Recent analysis by Getty Conservation Institute scientists Dusan Stulik and Art Kaplan on a handful of Niépce’s early photographs is now shedding light on the photographer’s secretive process. New results show that Niépce experimented with a variety of inventive techniques in early image making that led the way in the birth of modern photography.
Of the four known surviving plates Niépce took to England, one is now on display at the Harry Ransom Center at the University of Texas at Austin—considered the First Photograph. (GCI scientists analyzed this image in 2002.) Three of the remaining photographic plates Niépce brought to England now reside at the National Media Museum in the U.K.
It’s these latter plates that were examined by GCI scientists. The research shows that these three images undoubtedly represent the finest examples of Niépce’s photographic work, and, disproving previous theories, actually represent not one, but a range of different experiments.
Interestingly, the results also prove that one of the plates, a photographic copy of a design by Louis Daguerre, “Un Clair de Lune,” which has long been thought to have been enhanced with etching, was not enhanced at all, but was simply a wonderfully rendered heliogram.
Another surprise found in this particular plate lies a little deeper than the image itself. Analysis shows that Niépce’s process began with a pewter plate as a base like all his other works, but this successful picture also began with a fragrant coating of what appears to be solidified lavender oil, which prepared the base to accept the image.
Stulik likes to say that everything related to photography that surrounds us today—digital cameras, film, TV, even 3D and videogames—go back to Niépce’s very first inventions. (For an interview with Stulik, see this video from the National Media Museum.)
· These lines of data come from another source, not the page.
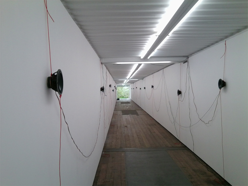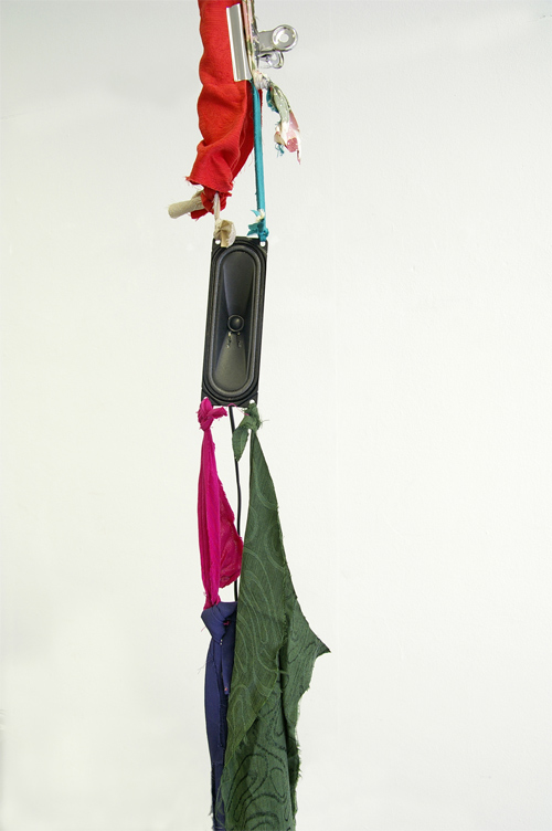 Das Gegenstück zur nicht ganz ernst zu nehmenden Gefahr aus der Tiefe bildet „küssen“, derzeit in der Gesellschaft für Kunst und Gestaltung in Bonn zu sehen. Die optische Anmutung ist, passend zum Thema, bunt und fast schwerelos: Wie Botschafter einer viel beschworenen Leichtigkeit des Seins werden Lautsprecher an aneinandergeknoteten Stofffetzen befestigt. Aber die aus ihnen entsendeten Kussgeräusche wirken nur anfangs erheiternd. Im Laufe der Zeit leidet das eigene Körperempfinden unter der zunehmend unerträglicheren Kuss-Beschallung, bis der Eindruck kippt in die peinigende Vorstellung von etwas Klebrigem, Saugendem, das sich partout nicht abschütteln lässt. Allmählich verwandeln sich die tönenden Stofffetzen in Personifizierungen der küssenden Protagonisten. Das im Raum umherwandernde Kuss-Konzert dreht sich wie in einem Reigen weiter und weiter sinnlos und heiter um die eigene Achse. (Zum Klangausschnitt)
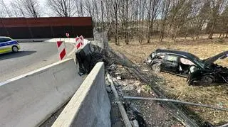 - Ze wstępnych ustaleń policji wynika, że kierowca nie dostosował prędkości i uderzył w bariery, następnie dachował. Na miejsce przyleciał helikopter Lotniczego Pogotowia Ratunkowego, który zabrał kierującego do szpitala. Policjanci przebadali go na zawartość alkoholu w wydychanym powietrzu, okazało się, że ma ponad dwa promile - podał Markiewicz. Samochodem podróżował również pasażer, na szczęście nie odniósł obrażeń.
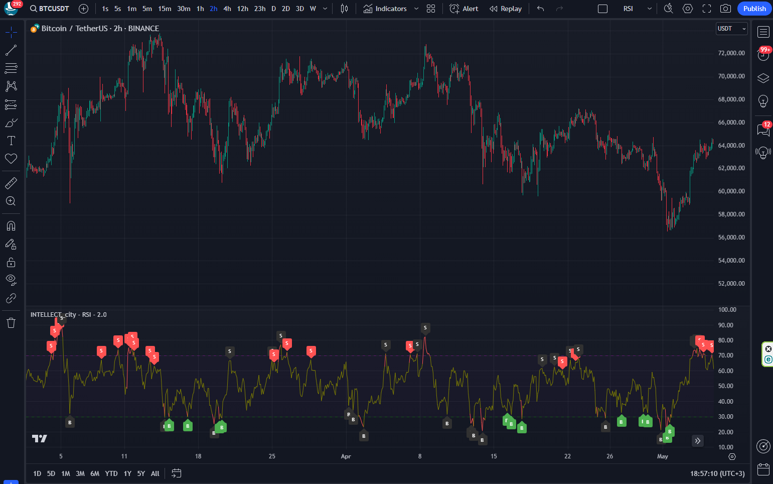 How it happens: When the algorithm (indicator) breaks the line upper (at values 70) or lower (at values 30), and are in their range (upper or lower), an excellent position for ENTRY is obtained, if at the top it means (S) SELL (red), if at the bottom (B) BUY (green). The main thing is that it is located, or touches the upper or lower border (after when they say signals B (BUY) or S (SELL) this is already basically a confirmation)
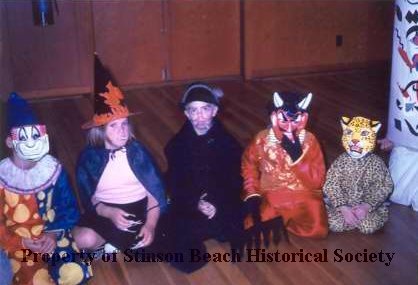 This color photograph is of five children sitting on the floor in a row, in costume. They are, from left to right, a clown, a witch, a pirate, a devil and a leopard.
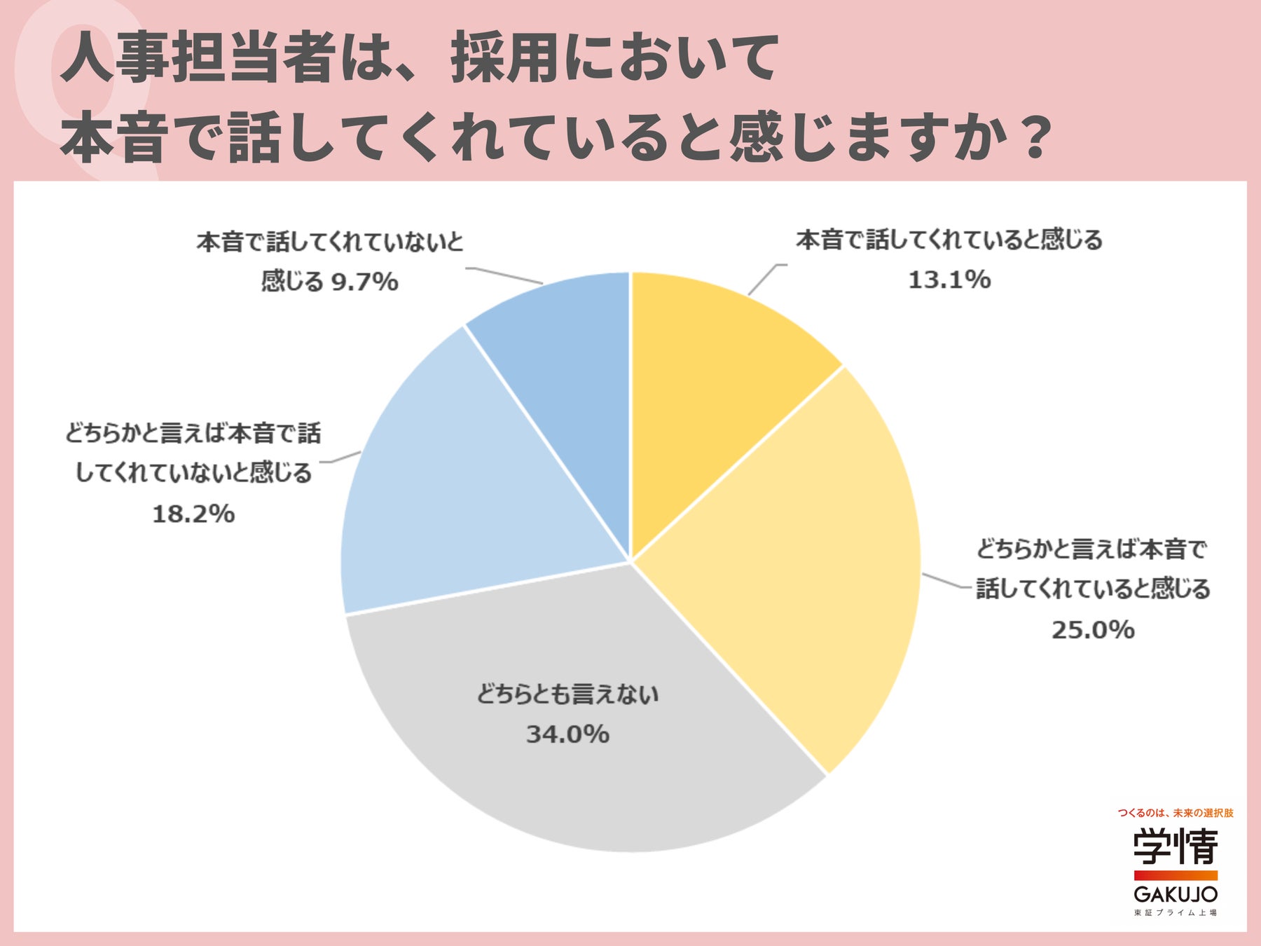 株式会社学情(本社:東京都中央区)は、2025年3月卒業(修了)予定の大学生・大学院生を対象に、インターネットアンケートを実施。今回は、「人事担当者とのコミュニケーション」について調査しました。採用において、人事担当者が「本音で話してくれていると感じる」と回答した学生は、約4割となりました。一方、「本音で話してくれていないと感じる」と回答した学生も3割に上りました。「会社の顔として採用担当をしているので、良い面にフォーカスして話すのは仕方ないと思う」「ある程度、建前でのコミュニケーションになるのは当たり前のことだと思う」「本音で話そうと思ってもらえるように、自身の本音を伝えるようにしている」といった声が上がっています。また、9割以上の学生が、人事担当者や現場の社員の「本音を聞きたい」と回答しました。
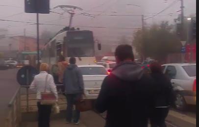 Mai precis, femeia mergea nonșalant cu mașina pe linia de tramvai, după ce depășise coloana de mașini pe contrasens, când a dat peste un tramvai aflat pe traseu. Cum era blocată, femeia s-a dat jos din mașină și a început să se certe cu vatmanul.
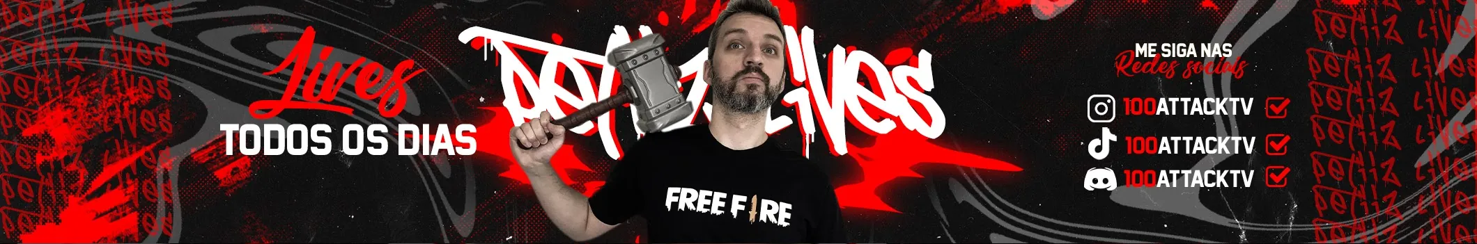 Olá eu sou o Petiiz, sempre gostei muito de jogos, resolvi dividir com vocês todos os games que acabo jogando! Hoje o foco do canal 100% Attack TV é em games mobile, com grande enfase no Free Fire! Tento sempre trazer um conteúdo divertido e bem humorado e sempre que possível inovando! Lives todos os dias em PETIIZ.LIVE redes sociais 100AttackTV

He has recreated Niepce’s experiments in his lab, with—I have to say it—some very sweet-smelling success. The team’s technical findings do shine a different light on the early history of photography than has been previously described in literature. It’s a shame that Niépce wasn’t better recognized for his works during his lifetime. His contributions to photography were creative, interesting, and in the long run, immeasurable.